- _Task to carry out_:
Under this line are the records; repeat exactly the lines starting at the one containing "Потолок натяжн" and ending at the one containing "寧夏和寧化學有限公司2023", omitting pictures.

[Items from a dataset]
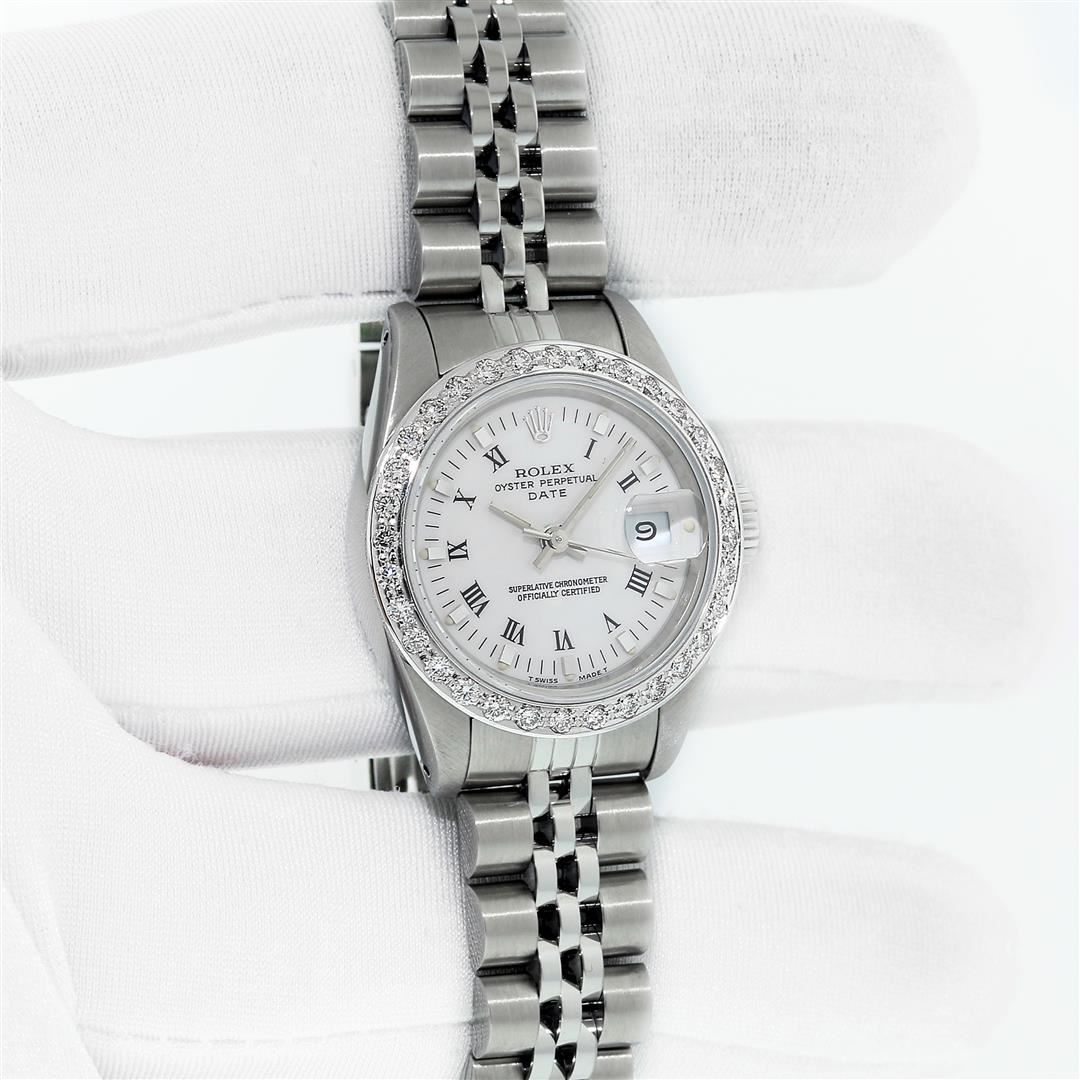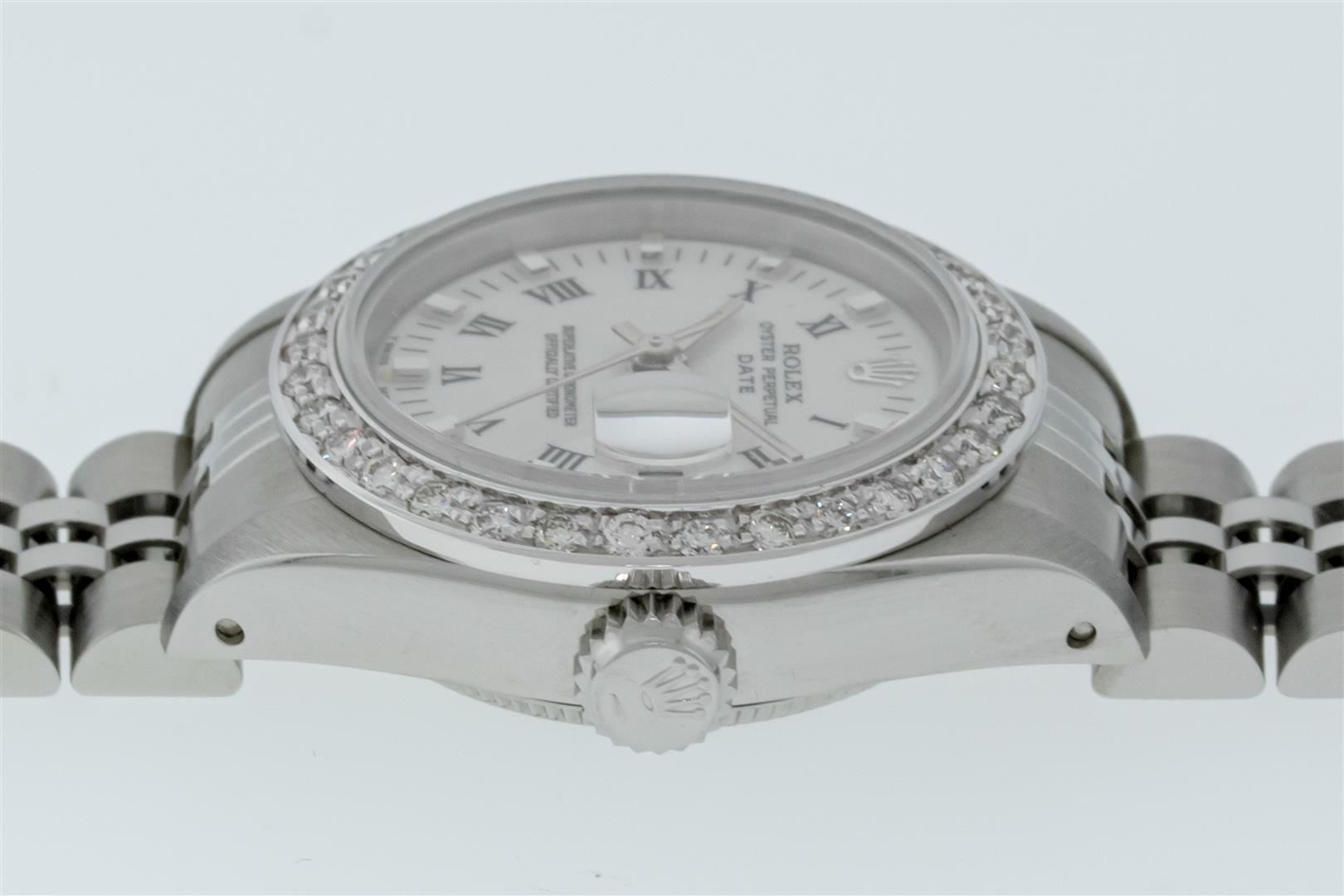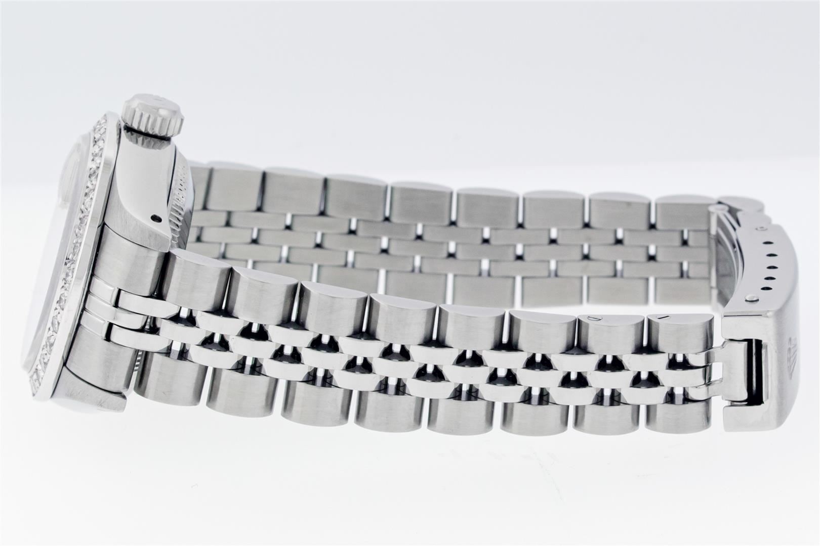 One Ladies Stainless Steel Rolex Datejust Polished Bright with Satin Finish, Serviced & Electronically Tested, Stainless Steel Case: 26mm, Stainless Steel Crown, Custom Bezel: New 18K White Gold Beadset Diamond Bezel, Diamond Count: 32 Diamonds, Total Weight .70 Carat, Clarity: SI-VS, Color: G to H. Custom Crystal: New Scratch Resistant Synthetic Sapphire Cyclops Lens. Custom Hands: New Luminescent Hands. Movement: Automatic Winding Movement. Dial: White Roman Dial With Index Hour Markers And Lumi Dots. Date Window: 3 O'Clock Position Date Display, Model: Datejust. Condition: G-6 Extra Fine. Bracelet: Stainless Steel Jubilee Band. Bright Polish & Satin Finish. 6.0 Inch Length, Adjustable. Standard Clasp, With Rolex Logo. This Watch Has Been Serviced Time Tested And Is In Excellent Condition It Is Free Of All Scratches And Dents.
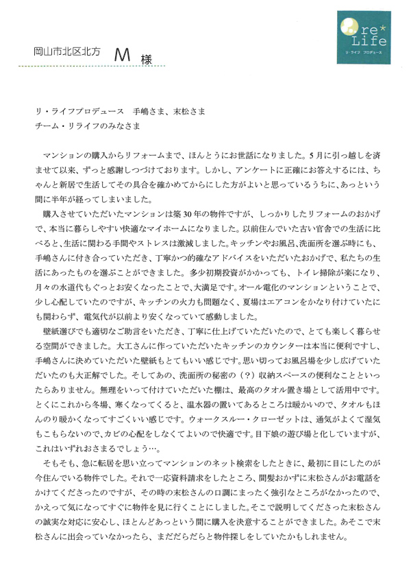 ☆マンションリノベーションをご依頼くださいましたM様。奥様、旦那様からそれぞれ嬉しいお声が届きました。思い通りの住まいが実現でき、ご満足いただけて本当に良かったです。末長くよろしくお願いします。
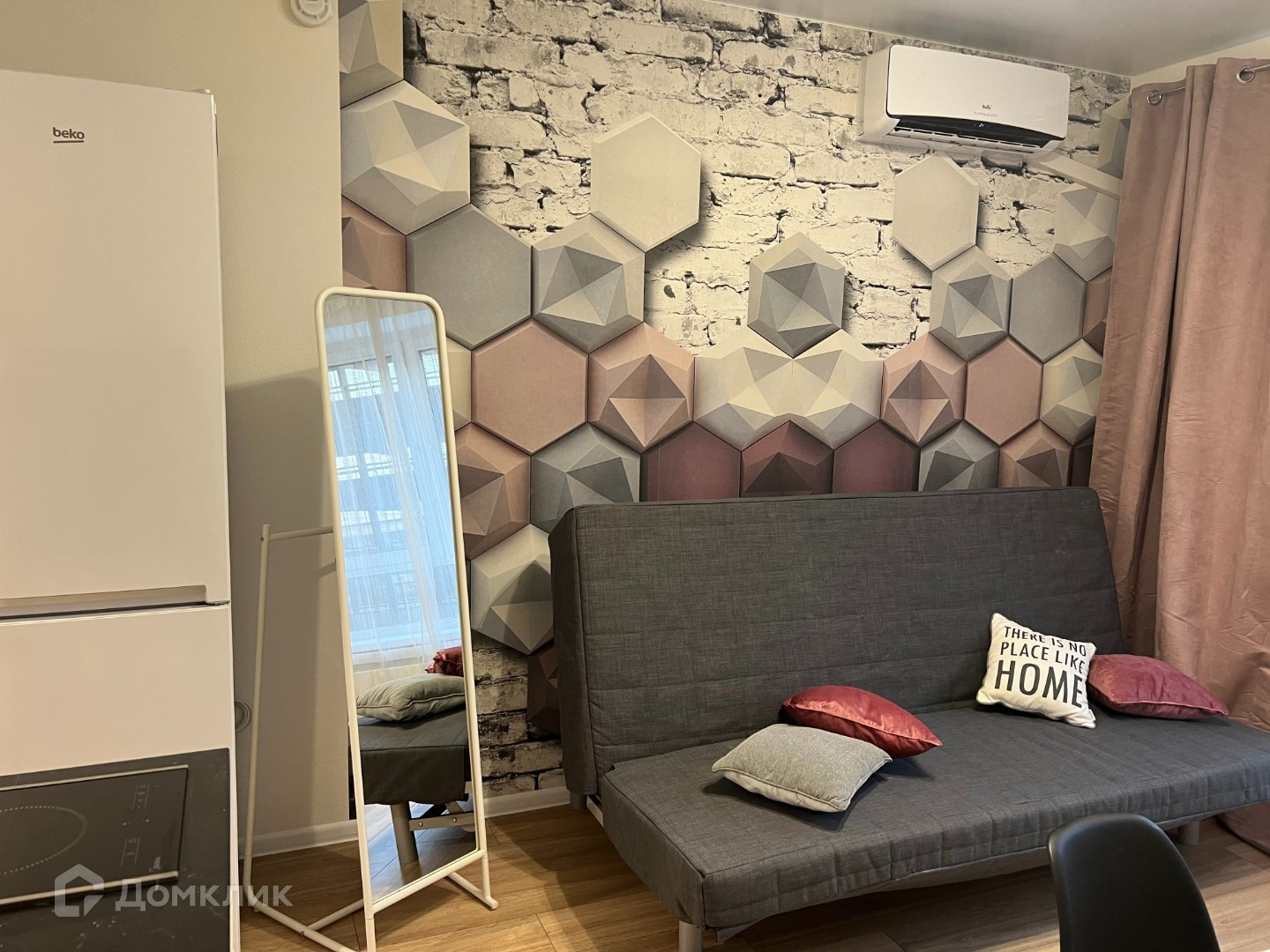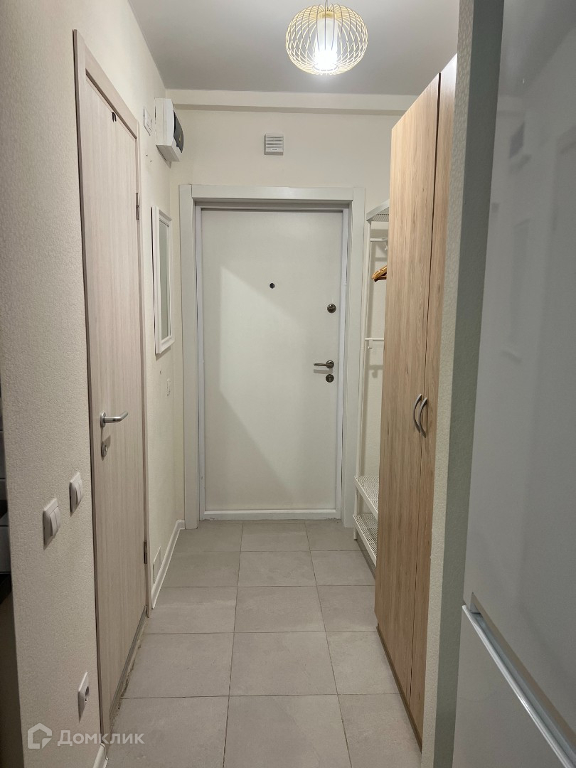 Потолок натяжной, светлые обои под покраску, пол ламинат, плитка в прихожей и санузле. Установлен кондиционер.
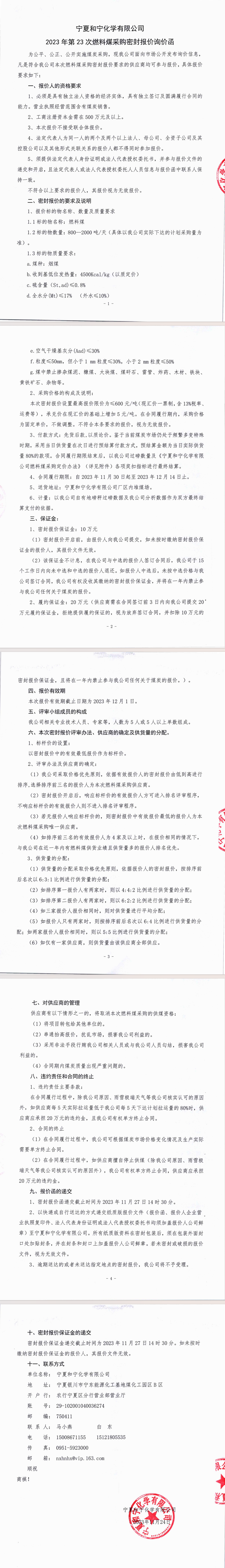 寧夏和寧化學有限公司2023—2024年第2次冬儲燃料煤采購密封報價詢價函.pdf [全文]
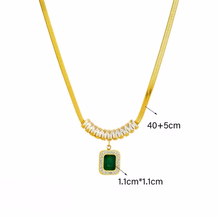 Setet består av ett matchande halsband, armband och örhängen. Den centrala designen fokuserar på en kvadratisk, smaragdgrön sten omgiven av en ram av gnistrande, klara zirkoner. Halsbandet har en modern "Snake Chain"-design som ligger mjukt mot huden och ger en omedelbar touch av lyx vid varje tillfälle – från festliga galor till vardaglig elegans.
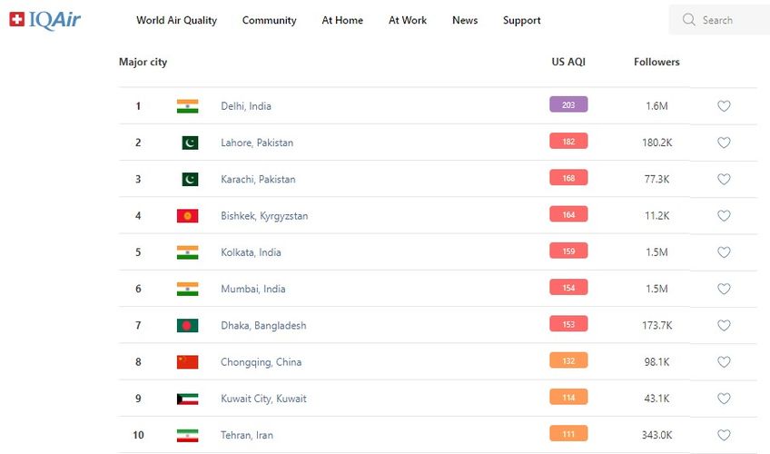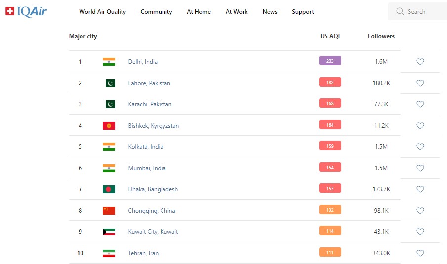В рейтинге крупнейших городов мира по качеству воздуха World Air Quality Бишкек находится на четвертом месте.
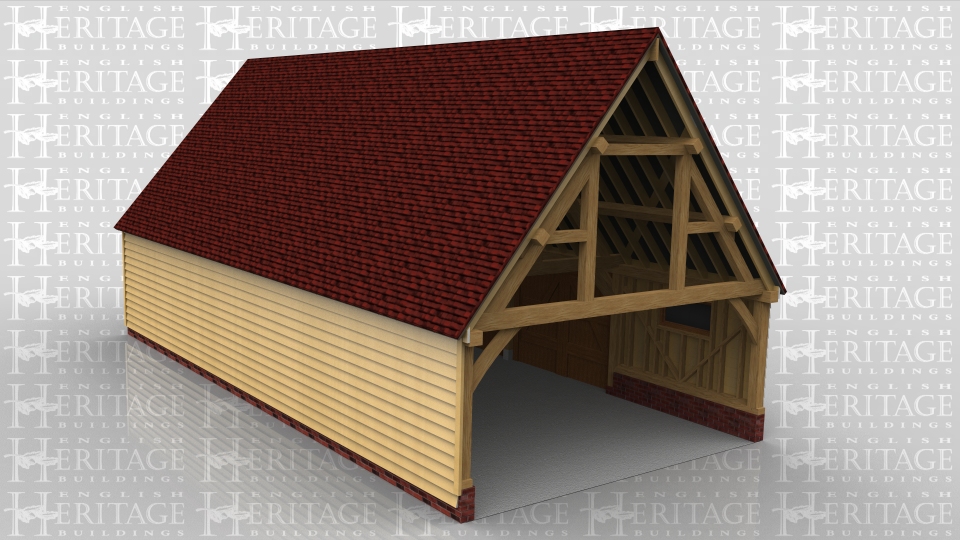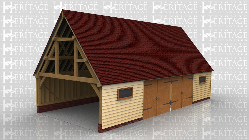This oak framed garage has two garage doors to the front and space on either side of the bays for storage. There are two windows to the front of the building and the left side is designed to be attached onto an existing building.
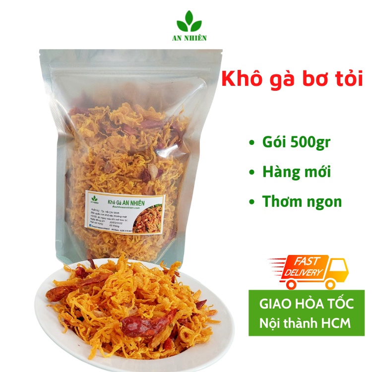 - Khô gà bơ tỏi với thành phần: thịt ức gà tươi lấy từ gà sạch, tỏi ớt được sấy giòn thơm, ăn cùng với khô gà cực kì thơm ngon, các gia vị vừa ăn
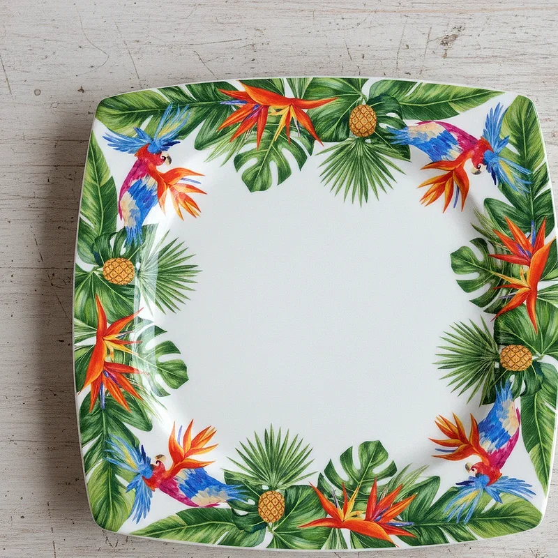 Escape to an island paradise with vibrant tropical-printed plates featuring palm leaves, exotic flowers, and bright birds that instantly transport guests to warmer climates. These lively designs work wonderfully for summer birthdays or anyone who loves beach vibes and vacation feelings year-round. The bold patterns and colors create an instant party atmosphere, making even simple foods feel special and celebration-worthy. You're essentially bringing vacation energy to your dining table, encouraging guests to relax and embrace the festive tropical mood. Pair these plates with fresh fruit displays, colorful cocktails, and maybe some reggae music to complete the island experience that'll have everyone feeling like they're celebrating in paradise.
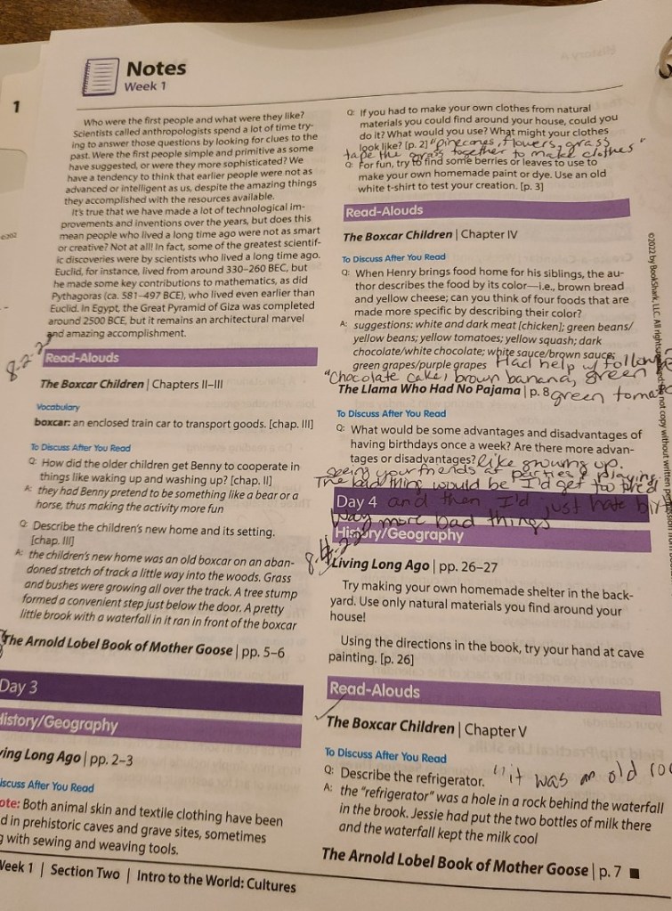 Some families choose to just use a spiral notebook and list out what they plan to do each day. When my girls were in elementary school, my lessons looked like this:
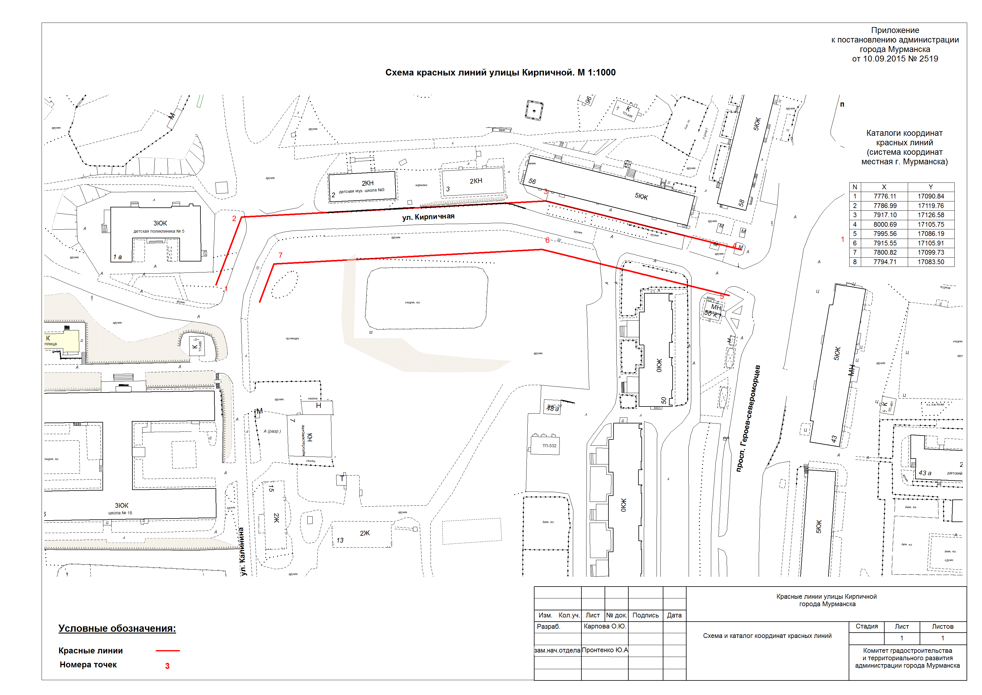 Об установлении красных линий улицы Кирпичной города Мурманска |

- _Written answer_:
 Потолок натяжной, светлые обои под покраску, пол ламинат, плитка в прихожей и санузле. Установлен кондиционер.
 寧夏和寧化學有限公司2023—2024年第2次冬儲燃料煤采購密封報價詢價函.pdf [全文]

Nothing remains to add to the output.